-------- Source material --------

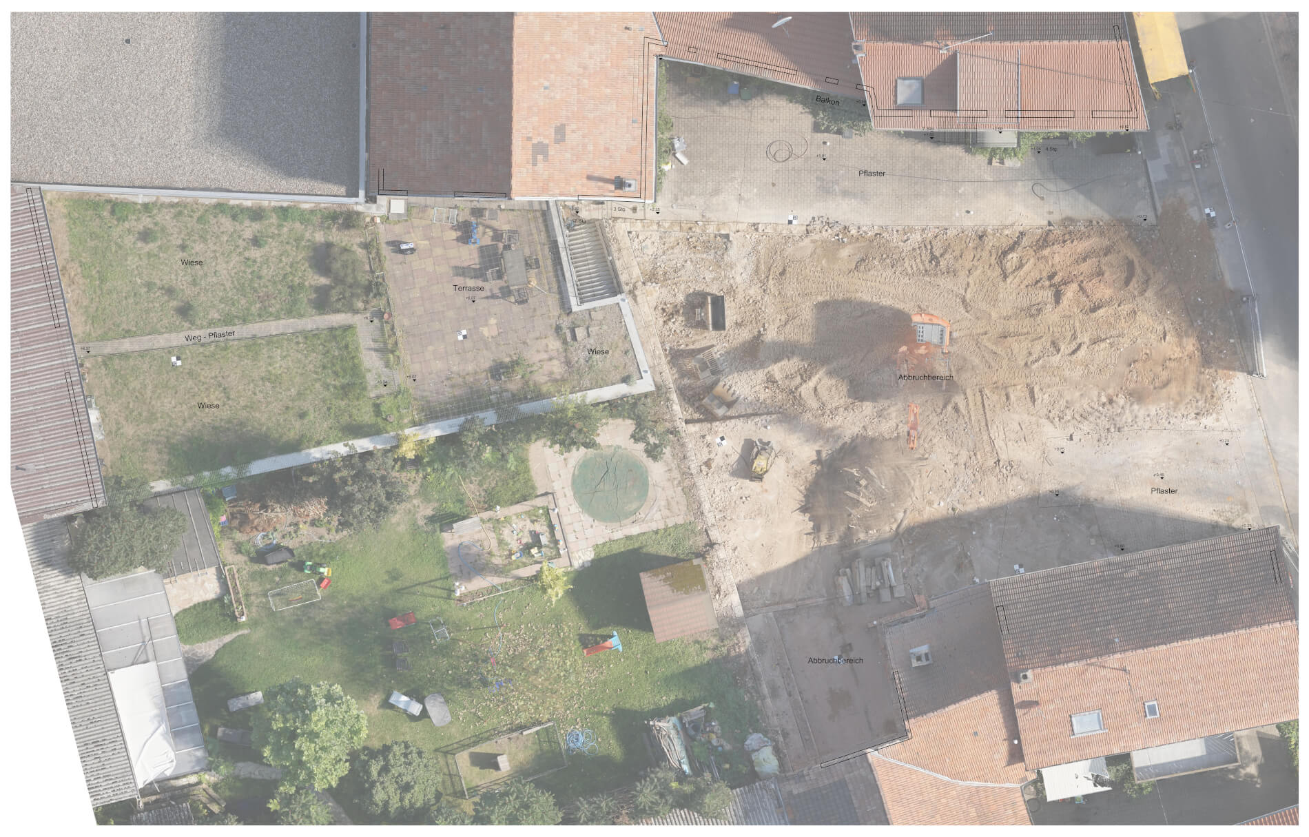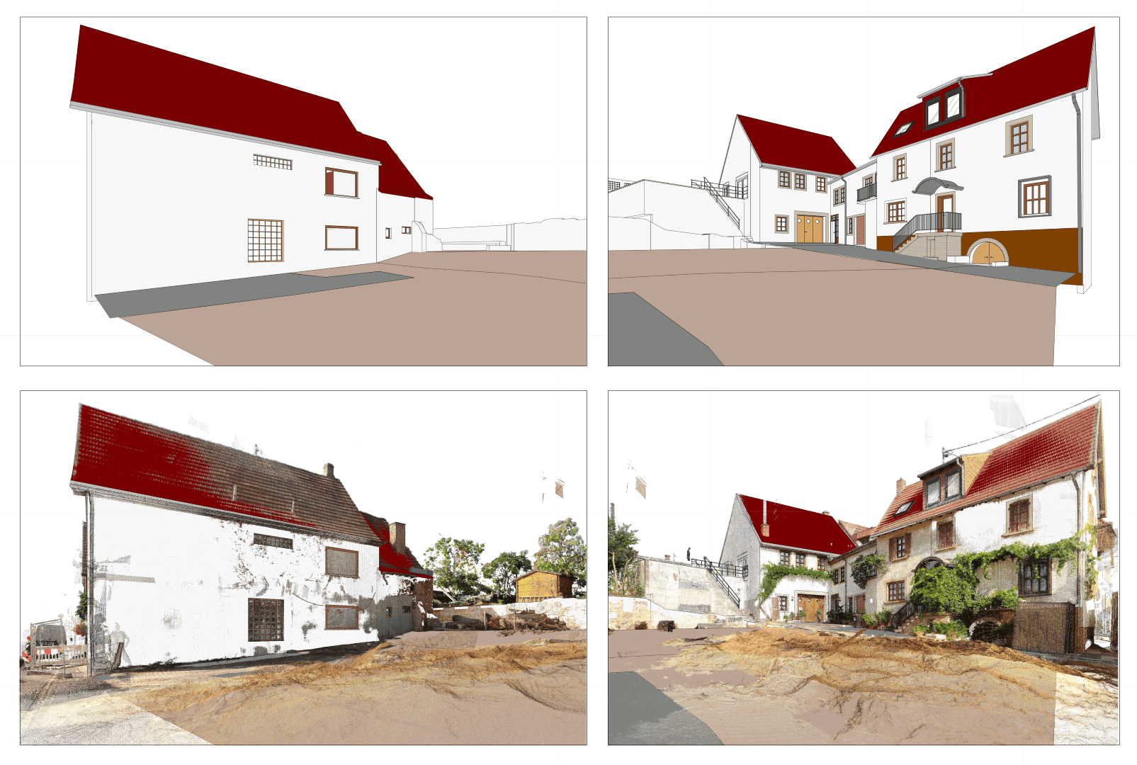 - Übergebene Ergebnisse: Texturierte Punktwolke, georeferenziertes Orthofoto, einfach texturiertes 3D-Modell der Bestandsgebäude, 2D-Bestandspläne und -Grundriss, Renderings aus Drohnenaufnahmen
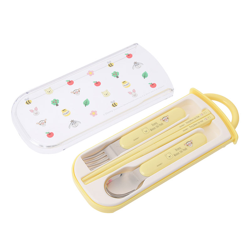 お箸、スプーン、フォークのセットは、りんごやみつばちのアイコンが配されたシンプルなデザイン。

--------
-------- Source material --------

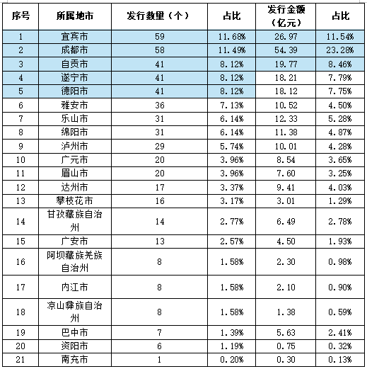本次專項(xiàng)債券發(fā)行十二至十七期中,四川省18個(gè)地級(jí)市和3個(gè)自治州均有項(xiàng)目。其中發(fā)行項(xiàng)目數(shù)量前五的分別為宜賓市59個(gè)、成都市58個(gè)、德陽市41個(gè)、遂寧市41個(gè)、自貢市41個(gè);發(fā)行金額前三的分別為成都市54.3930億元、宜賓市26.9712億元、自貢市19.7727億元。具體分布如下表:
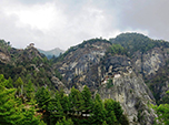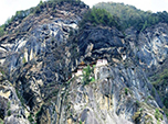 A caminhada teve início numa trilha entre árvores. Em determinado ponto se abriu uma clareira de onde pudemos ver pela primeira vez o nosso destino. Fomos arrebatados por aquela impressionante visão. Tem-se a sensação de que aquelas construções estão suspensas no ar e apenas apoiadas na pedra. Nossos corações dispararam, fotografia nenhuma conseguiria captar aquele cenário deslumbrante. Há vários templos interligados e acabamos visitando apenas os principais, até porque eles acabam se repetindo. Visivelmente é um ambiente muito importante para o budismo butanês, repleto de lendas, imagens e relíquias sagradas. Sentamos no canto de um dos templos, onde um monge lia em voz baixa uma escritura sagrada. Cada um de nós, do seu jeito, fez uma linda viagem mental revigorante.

--------

| Assignment |
For this exercise, return exactly the lines above from the line with "- Übergebene Ergebnisse: Texturierte" through the line with "お箸、スプーン、フォークのセ", both included. Do not copy the pictures.

| Answer to this problem |
 - Übergebene Ergebnisse: Texturierte Punktwolke, georeferenziertes Orthofoto, einfach texturiertes 3D-Modell der Bestandsgebäude, 2D-Bestandspläne und -Grundriss, Renderings aus Drohnenaufnahmen
 お箸、スプーン、フォークのセットは、りんごやみつばちのアイコンが配されたシンプルなデザイン。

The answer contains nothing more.